Nicolás Maduro durante una campaña electoral

Pepe Madariaga

Profesor de periodismo de la URJC —

La primera vez que fui a Venezuela fue en plena campaña por el referéndum que la oposición promovió en 2004 para revocar a Hugo Chávez y que acabó siendo reafirmatorio. Me encontré con un escenario muy interesante de transformación social donde la participación crítica y democrática de la ciudadanía en los asuntos públicos tenía una dimensión destacada a través del impulso de los medios de comunicación comunitarios y de iniciativas populares que buscaban la “revolución dentro de la revolución”. Se trataba de un proceso que parecía estar curando las profundas heridas que había dejado la dura experiencia del “Caracazo” o “Sacudón” de 1989, cuando la represión ordenada por el entonces presidente Carlos Andrés Pérez (CAP) dejó cientos de muertos en las calles de Caracas como resultado de las revueltas populares contra las contundentes medidas neoliberales de recortes sociales y subidas de precios.
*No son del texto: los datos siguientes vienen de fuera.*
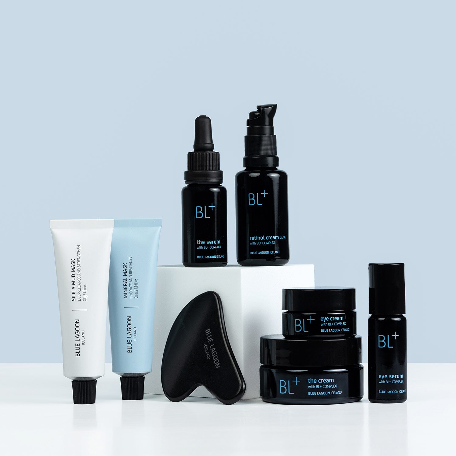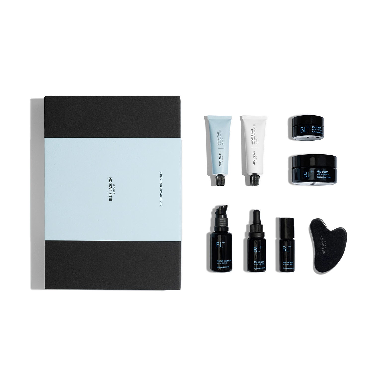 Settið inniheldur: BL+ Retinol Cream 0.3%(30 ml), BL+ The Serum (15 ml), BL+ The Cream (50 ml), BL+ Eye Serum (10 ml), BL+ Eye Cream (15 ml), Mineral Mask (30 ml), Silica Mud Mask (30 ml), og Blue Lagoon Skincare Gua Sha andlitsnuddstein.

Venezuela había iniciado con la llegada de Chávez al poder en 1998 (y tras purgar en la cárcel su intentona golpista de 1992) un experimento de democracia popular frente a la pertinaz injerencia imperialista y las imposiciones con las que se había cebado el neoliberalismo desde los años 80.

Cuando llegué a Caracas yo acababa de defender mi tesis doctoral, en la que estudié el fallido golpe de estado de 2002 como caso representativo de las nuevas dinámicas de contrainformación en la era digital y su influencia en los medios de comunicación convencionales: durante las 48 horas que pareció prosperar el golpe, prácticamente todos los medios reproducían las mismas falsedades sobre un supuesto levantamiento cívico espontáneo contra el gobierno mientras algunos boletines contrainformativos en la web y listas de distribución alternativos apuntaban a un golpe organizado por la patronal y un sector del ejército y, por supuesto, apoyado por los principales medios de comunicación. Los relatos alternativos acabaron siendo claves para el desenlace de la intentona golpista a favor de Chávez, sobre todo a partir de la excepcional cobertura de un medio poco sospechoso de chavista como era Fe y Alegría, una radio de los jesuitas.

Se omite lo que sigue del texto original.